Настя уселась на кухне за стол и с наслаждением вытянула отекшие за день ноги.

– Буду, – сладко протянула она. – Холодная окрошка в такую погоду – это предел мечтаний. Леш, как ты думаешь, в этом году повторится прошлогодний ужас в смысле жары?

– Да все к тому идет, – кивнул он. – Синоптики обещают всю следующую неделю больше тридцати градусов. Аська, я чувствую себя таким виноватым, все нормальные люди во время отпуска ездят куда-нибудь на море или вообще на природу, а ты из-за моих чертовых гонораров вынуждена будешь сидеть в Москве. Но если мы выберемся из этой истории с налогами, я тебе клятвенно обещаю – мы поедем туда, где теплое море, горячий песок и прохладный ветер. Ты мне веришь?

– Верю, – улыбнулась Настя, – только когда это будет? Отпуск за этот год мы используем сейчас, а до следующего лета еще дожить надо. Тем более, не забывай, меня Колобок отпустил в нарушение графика, и в следующем году я буду отдыхать когда угодно, только не летом. Так что ты можешь давать сегодня любые обещания, время их выполнения наступит еще ох как не скоро. Может, пообещаешь мне бразильский карнавал?

Алексей изумленно взглянул на нее и отставил пустую тарелку.

– А ты хочешь в Бразилию на карнавал? Вот не думал, что у моей супруги такие амбиции…

– Нет, на карнавал не хочу, не люблю шумную толпу. И в Бразилию не хочу, лететь долго. Но спросить-то можно?

– Спрашивайте – отвечаем, – отшутился он.

После ужина Настя уткнулась в купленные словари, радостно предвкушая и работу над переводом, и то неоспоримое преимущество отпуска, которое позволяет не вскакивать по будильнику в половине седьмого утра. Однако ее ждало разочарование. Звонок от редактора издательства лишил ее доброй половины радужных иллюзий.

– Очень жаль, но на ближайшие два месяца переводчики не нужны. Все книги уже распределены, но если осенью…

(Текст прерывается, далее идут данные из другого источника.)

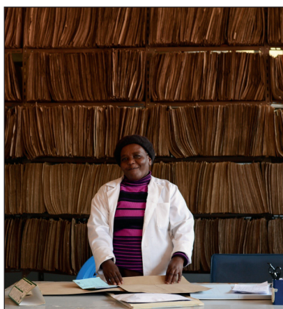
Undaunted. A nurse-clerk with patient files at Lucy's Hospital, Tsolo in the Eastern Cape.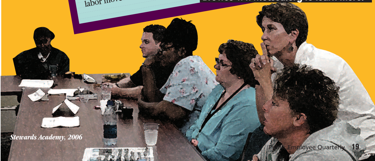
Stewards Academy, 2006

Follow up by writing to the credit bureaus. Report the suspected identity theft and ask them to confirm in writing that they have no file on your child. Sample letters are available at www.ohio.gov/IDprotect

– Нет, у меня отпуск сейчас. Спасибо, извините, что побеспокоила.

Настя повесила трубку и уныло уткнулась глазами в ставший ненужным словарь.

– Сама виновата, – угрюмо сказала она Алексею, – такие работы планируются заранее, надо было еще в марте договариваться.

– Но ты же не знала наверняка, отпустит ли тебя начальник, – принялся утешать ее Чистяков. – И потом, в марте мы еще надеялись, что наберем денег. Не кори себя, Асенька, мы справимся. Зато выспишься как следует и отдохнешь.

Настя захлопнула словарь и решительно тряхнула головой.

– Нет, так не пойдет. Мы семья или соседи по коммуналке? Я тоже буду репетитором, зря, что ли, пять языков в голове таскаю? Они там так и валяются без надобности, протухают и покрываются пылью.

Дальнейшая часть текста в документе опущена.